Pratique ancestrale et nourricière, le pastoralisme est fondé sur l’exploitation des alpages et parcours de montagne afin d’assurer tout ou partie de l’alimentation des troupeaux, sans avoir recours aux grains ou à des compléments. Plus qu’une coutume, un engagement…
Je me souviendrai toujours de ma première rencontre avec Emmanuel Lafaye. Je leur rendais visite, à lui et sa compagne horticultrice, dans leur ferme située à quelques encablures d’Arles, au sud-est de la France. Avec ses petites lunettes vissées sur le nez et sa dégaine de gentleman farmer, le berger s’était révélé plutôt taiseux lors de cette première rencontre. Plus tard, il me confiait détester la ville et préférer la compagnie de son cheptel à celle des hommes. Chaque année, inlassablement, il attend donc de pouvoir « remonter là-haut » avec son troupeau de brebis à viande. Dès que les jours s’adoucissent, que les températures remontent, herbes et graminées tarissent dans la plaine. Emmanuel traverse alors le Luberon et conduit ses Mérinos d’Arles prendre leurs quartiers d’été dans le Dévoluy, un massif des Hautes-Alpes de Provence-Alpes-Côte d’Azur. Le troupeau transhume ainsi de mai à octobre. « Plus l’été se fait sentir et plus nous devons gagner en altitude pour trouver de l’herbe fraîche. Dans le Dévoluy, au-dessus de 1.800 mètres, les quartiers d’alpage sont des terrains que nous louons à la commune. Leur histoire est intimement liée à celle de l’agriculture. Ils débutent là où les anciens n’étaient plus capables de cultiver. » Les alpages, estives et parcours de montagne font vivre 60.000 exploitations, soit 18 % des élevages de France (vaches, brebis, chèvres et chevaux) et 22% du nombre total des animaux.

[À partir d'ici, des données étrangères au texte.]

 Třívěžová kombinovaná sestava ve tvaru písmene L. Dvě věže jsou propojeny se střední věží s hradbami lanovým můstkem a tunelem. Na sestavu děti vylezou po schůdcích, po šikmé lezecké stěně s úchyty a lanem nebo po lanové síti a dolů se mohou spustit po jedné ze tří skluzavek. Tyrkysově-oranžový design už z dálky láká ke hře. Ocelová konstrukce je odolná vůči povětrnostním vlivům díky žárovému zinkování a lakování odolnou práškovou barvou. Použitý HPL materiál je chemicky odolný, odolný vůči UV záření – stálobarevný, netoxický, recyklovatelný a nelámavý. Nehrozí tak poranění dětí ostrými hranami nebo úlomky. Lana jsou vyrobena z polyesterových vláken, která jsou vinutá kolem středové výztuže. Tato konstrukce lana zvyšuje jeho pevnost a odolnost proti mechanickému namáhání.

C’est également le cas de Maina Chassevent, la trentaine qui, tous les six mois, accompagnée de ses brebis basco-béarnaises, alterne estives à 1.500 mètres d’altitude et hivernage dans des fermes basques en contrebas. « L’estive est le seul moment où j’ai un lieu fixe. De mai à octobre, j’habite un cayolar, une petite maison en pierre accessible par la route. » Où que ce soit, de par le monde, le pastoralisme est la principale source de revenus agricoles des zones arides, froides ou de montagne. La relation entre l’homme, l’animal et la nature est la clef de voûte de ce système d’élevage. Il s’appuie sur des races animales adaptées, avec un bon équilibre entre rusticité et domesticité et sur la complémentarité des estives pour satisfaire les besoins d’un troupeau en production, tout en préservant la qualité et la richesse de ces milieux et ressources. « La nature ayant horreur du vide, le pastoralisme permet d’entretenir naturellement des zones difficilement accessibles. Grâce à notre passage régulier, nous cherchons à obtenir une végétation plutôt rase, avec des herbes fines, des fleurs. Je prétends assez assurément que les brebis ont un impact positif sur la biodiversité. La transhumance entretient l’histoire des hommes dans la nature et elle est une nécessité pour qui souhaite nourrir son cheptel de manière auto-suffisante. Si je ne montais pas en estive, je serais obligé de le nourrir aux grains une partie de l’année, ce que je me refuse à faire », conclut Emmanuel, de la plénitude dans la voix alors qu’il s’apprête à monter plus haut encore et retrouver sa petite cabane… Un chemin à suivre.